My first shot was on October 19, 2023. I weighed 327 on the doctor’s scale at my first appointment and at my last follow-up on October 1, 2023 – I weighed 251. On my scale at home, it’s teetering between 246 and 247. So I am down a total of about 76-81 pounds, depending on the day or scale. Amen! Shout for that!
I’m glad my insurance approved it and I’m able to get the meds to help with what affects so many – obesity. I’ve struggled all my life with my weight and I can only hope one day to not have to worry about it. I’ve said it before, but my dad nicknamed me “Chunky B” with variations to include Chunk, The Chunk Monster” – and it really affected me, negatively. I mean, here I am almost 35 years old still talking about a childhood nickname, like please be so for real. That’s why I am so protective over what nicknames I give, and let family give, my child. I don’t want her being almost 35 years old talking about something from her childhood.
I finally feel like I look myself again. I want to feel like myself again.
I love everything about being a mom. I am so thankful God allowed me to carry life into this world and to be a mom because is something not every woman who wants actually gets. But being a mom takes so much out of me. I put so much into it and some of it is guilt. Guilt for not having a more present father for my daughter. Guilt for not having the time I want to spend with my daughter. Guilt for not having more dispensable income to do all things I want with my daughter. So I overcompensate, but that leads to burn out.
Asking for help is necessary but also hard to do.
1) You don’t want to feel like a burden regarding problems you created.
2) Everyone has their own problems, kids and life.
3) It sucks to feel like a failure not being able to do it all.
But it’s so necessary. Moms, especially single moms need breaks from their kids. Yes, I’m going to take it there because if you’re married – at some point of the day, you can go and hide in the closet or leave the house and you not be arrested for child endangerment or neglect. Your husband or partner can be a distraction for the kids. He can take the kids out for ice cream while you stay home to soak in the tub. I don’t have that luxury. Yes, this is my fault. But I don’t have that luxury. I can’t send my husband to the store for milk if it’s 9pm, we’re out and the kid is begging for milk.
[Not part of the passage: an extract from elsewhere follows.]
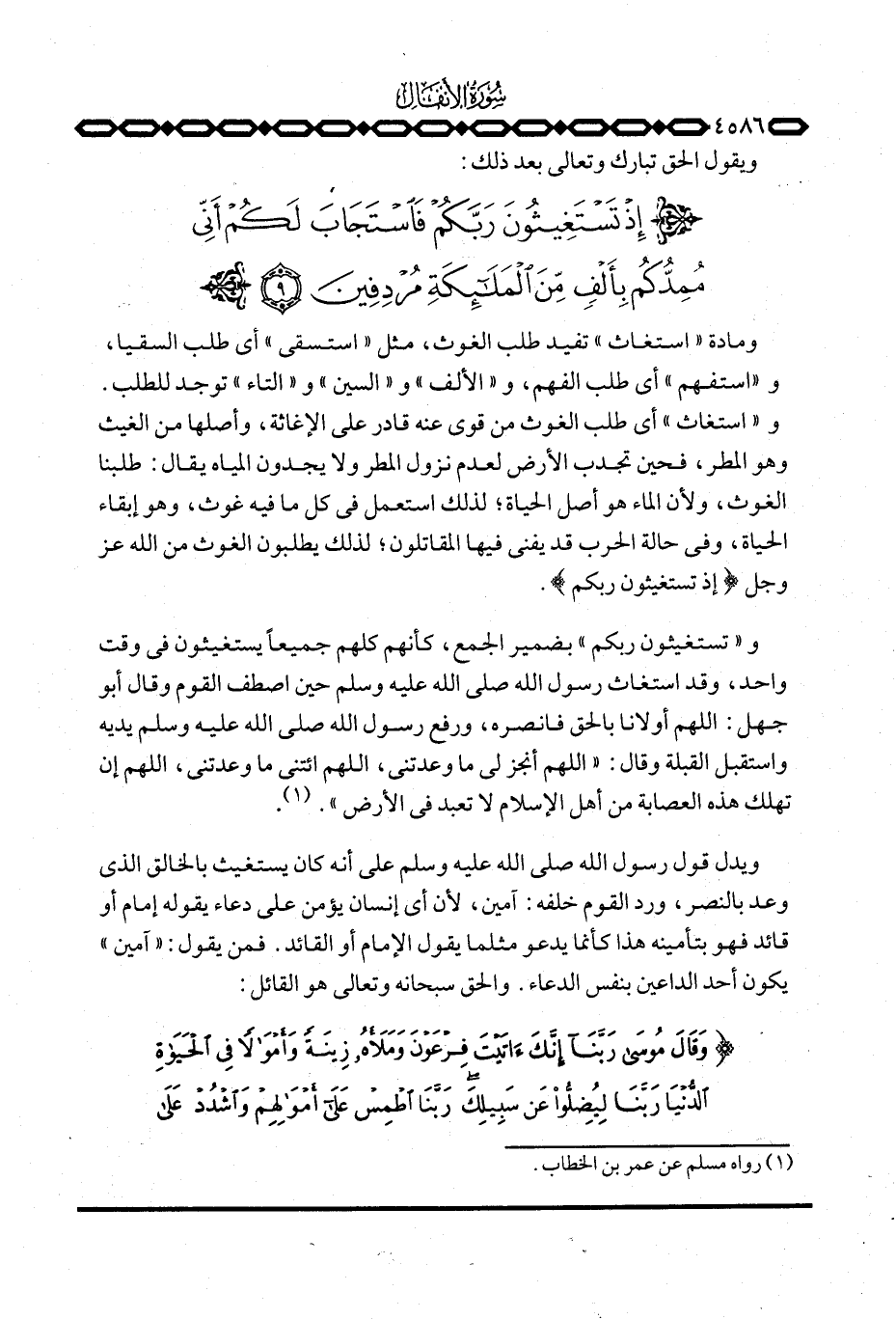 و {تَسْتَغِيثُونَ رَبَّكُمْ} بضمير الجمع، كأنهم كلهم جميعاً يستغيثون في وقت واحد، وقد استغاث رسول الله صَلَّى اللَّهُ عَلَيْهِ وَسَلَّم َ حين اصطف القوم وقال أبو جهل: اللهم أولانا بالحق فانصره، ورفع رسول الله صَلَّى اللَّهُ عَلَيْهِ وَسَلَّم َ يديه واستقبل القبلة وقال: «اللهم أنجز لي ما وعدتني، اللهم ائتني ما وعدتني، اللهم إن تهلك هذه العصابة من أهل الإسلام لا تعبد في الأرض» .

We have to load up the car and head to Walmart, buckle in and out of the car seat, walk allllll the way to the back of the store because that’s where the dairy is, check out, buckle in and out of the car seat and drive home. It’s just a lot. So while all moms need a break, I’m going to take it a step further and say single moms need it more.
This went all the way left, because it started off as a post about a weight loss transformation and ended up being a post about being a mom. But that’s what being a mom does. It engulfs you. It takes over everything in your life. Every thought is about your kid. You may have heard a mom say “I don’t remember life before my kid(s).” And it’s so true. I really don’t. But I am glad. I love being a mom. I just wish I had more resources so I could feel like a “better mom.”